In a recent development reported by Kyodo newswire on Saturday, private equity firm Bain Capital has initiated discussions with South Korean chip maker SK Hynix (000660.KS) to revive negotiations for the potential merger of memory chip giants Western Digital (WDC.O) and Japan’s Kioxia Holdings. The merger talks, which have been on and off since 2021, had hit a roadblock in October due to SK Hynix’s opposition, citing concerns over the impact on the value of its substantial investment in Kioxia.

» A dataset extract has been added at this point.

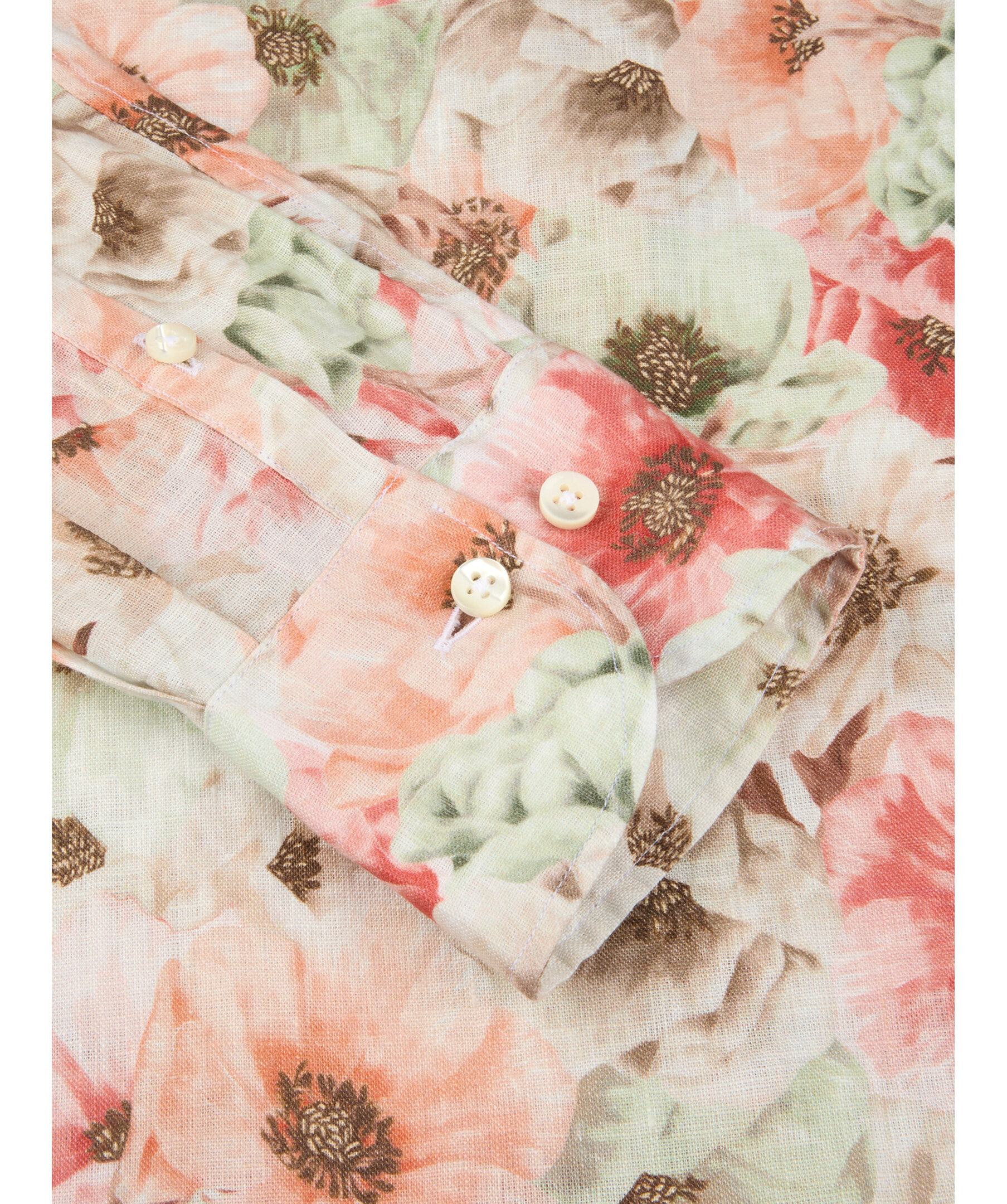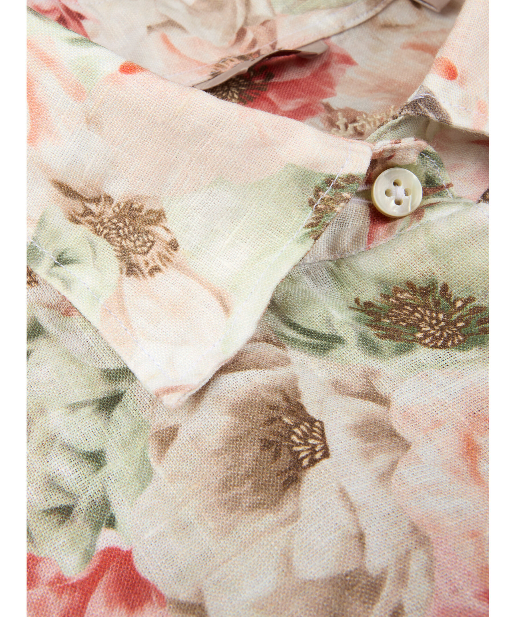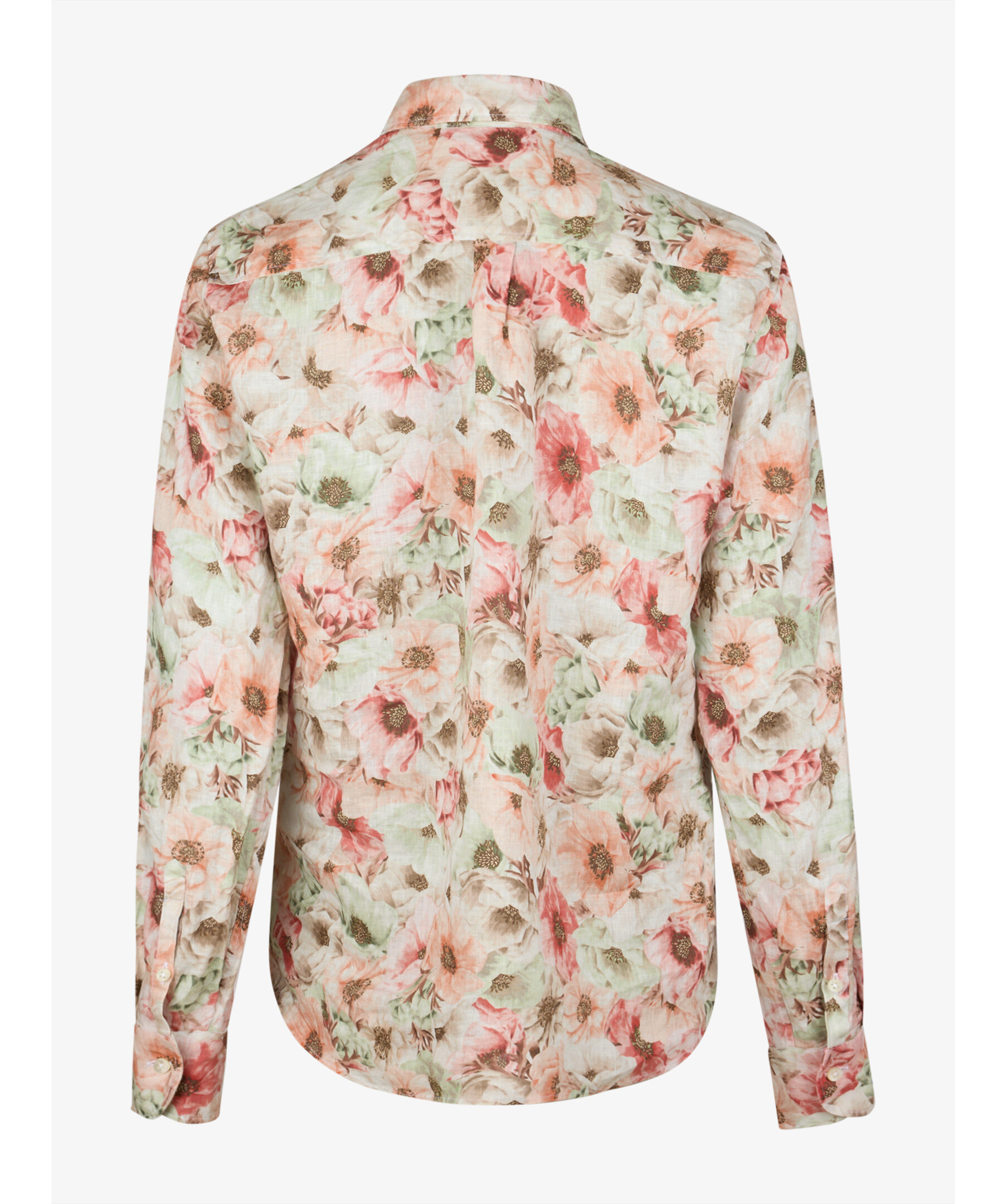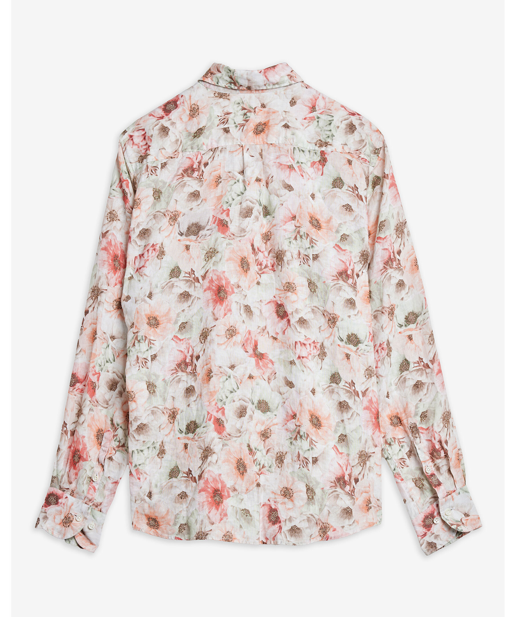 Ljusorange blommig skjorta är tillverkad av linne och har en oversized passform. Skjortan har pärlemorknappar, enkla manschetter och en klassisk krage.

SK Hynix, a key player in the semiconductor industry and a direct competitor to both Western Digital and Kioxia, holds a significant stake in the Japanese firm. The South Korean company invested 395 billion yen ($2.67 billion) in Kioxia in 2018 as part of a consortium led by Bain Capital that acquired the Japanese company from Toshiba Corp. SK Hynix’s involvement includes holding bonds convertible into an equity stake of up to 15% in Kioxia, making its approval a crucial precondition for any potential merger.
The resumption of talks signals Bain Capital’s persistent efforts to bring the major players in the memory chip market together, despite the previous setbacks. The potential merger of Western Digital and Kioxia could reshape the dynamics of the semiconductor industry, and Bain Capital’s engagement with SK Hynix indicates a renewed push to overcome the challenges and move forward with the consolidation of these key players.
The outcome of the negotiations remains uncertain, and stakeholders will closely watch for further developments as the discussions progress.